Now among the ranks of Juninho's successors as one of the players who takes free kicks at Sport, Wendel says a lot of hard work goes into becoming an expert like his predecessor or Roberto Carlos.
PRACTICE MAKES PERFECT
"The best characteristic you can have is the training, day after day, perfecting it," the 32-year-old said. "A free kick taker is already born with that gift, and during training he perfects it. It's a gift that you don't achieve overnight."
Watching Sport's youth team players carefully as he speaks, Wendel says Brazilian players practice many different kinds of free kicks in order to master the dead ball.
"From distance, you need to hit more with the top of your foot and with more power. From up close to the goalie, you’d need to hit more with the inside of the foot," he added, pointing to his instep."

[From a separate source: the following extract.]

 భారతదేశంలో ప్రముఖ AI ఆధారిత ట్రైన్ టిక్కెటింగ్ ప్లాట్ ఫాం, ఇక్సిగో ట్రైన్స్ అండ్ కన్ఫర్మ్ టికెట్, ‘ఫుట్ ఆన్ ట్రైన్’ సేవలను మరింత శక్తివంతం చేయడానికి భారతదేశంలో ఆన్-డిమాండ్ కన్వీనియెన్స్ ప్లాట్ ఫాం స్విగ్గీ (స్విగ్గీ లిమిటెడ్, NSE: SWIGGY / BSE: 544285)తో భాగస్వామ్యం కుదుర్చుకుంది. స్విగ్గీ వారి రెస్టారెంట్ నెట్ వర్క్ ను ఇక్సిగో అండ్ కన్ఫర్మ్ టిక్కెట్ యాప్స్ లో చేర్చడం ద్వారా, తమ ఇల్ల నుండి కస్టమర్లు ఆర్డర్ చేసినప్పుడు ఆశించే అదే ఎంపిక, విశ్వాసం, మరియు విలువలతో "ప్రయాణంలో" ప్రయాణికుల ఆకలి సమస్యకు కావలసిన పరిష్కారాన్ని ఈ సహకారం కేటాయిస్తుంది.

He blames the lack of goals from free kicks at the World Cup on the retirement of some of the foremost Brazilian exponents of the art.
"If Juninho was at the World Cup and we had him to hit every free kick, we’d have five or six goals from them," Wendel said with a smile.

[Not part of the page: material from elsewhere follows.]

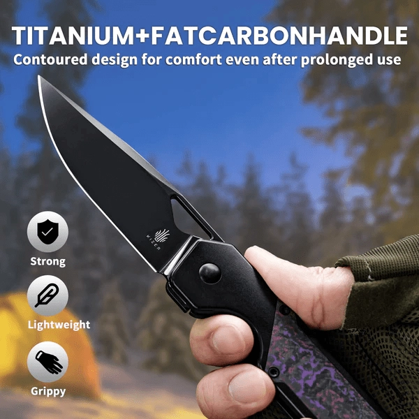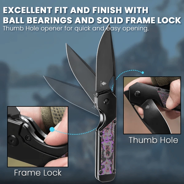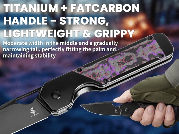 Élégant couteau EDC KIZER Militaw alliant forme drop point classique à un design moderne et des matériaux de pointe. Il offre acier CPM-S45VN avec revêtement DLC pour une longévité de coupe et une grande résistance, ouverture rapide par flipper et trou pour le pouce et sécurité d'un verrouillage framelock. Le manche en titane avec Fatcarbon Purple Haze et clip de port profond fait de ce couteau un choix idéal pour l’usage quotidien, l’atelier et l’outdoor.

"There have been some close calls, like Pirlo's against England that hit the crossbar. That was a perfect example of a well-executed free kick, since the ball changed direction.
"These are the most dangerous - the goalie will go one way and at the last second the ball changes direction."
Despite the presence of Cristiano Ronaldo and Lionel Messi at the tournament, precious few free kicks have actually troubled the goalkeepers, and pressed to come up with one player who could yet bend it like a Brazilian, Wendel plumps for Pirlo.
"Pirlo would be along the same lines as Juninho, but there's not so many specialists nowadays, I think that’s why there aren’t as many goals (from free kicks) in the World Cup.
"There aren’t many specialists like the Brazilians I've mentioned in world football."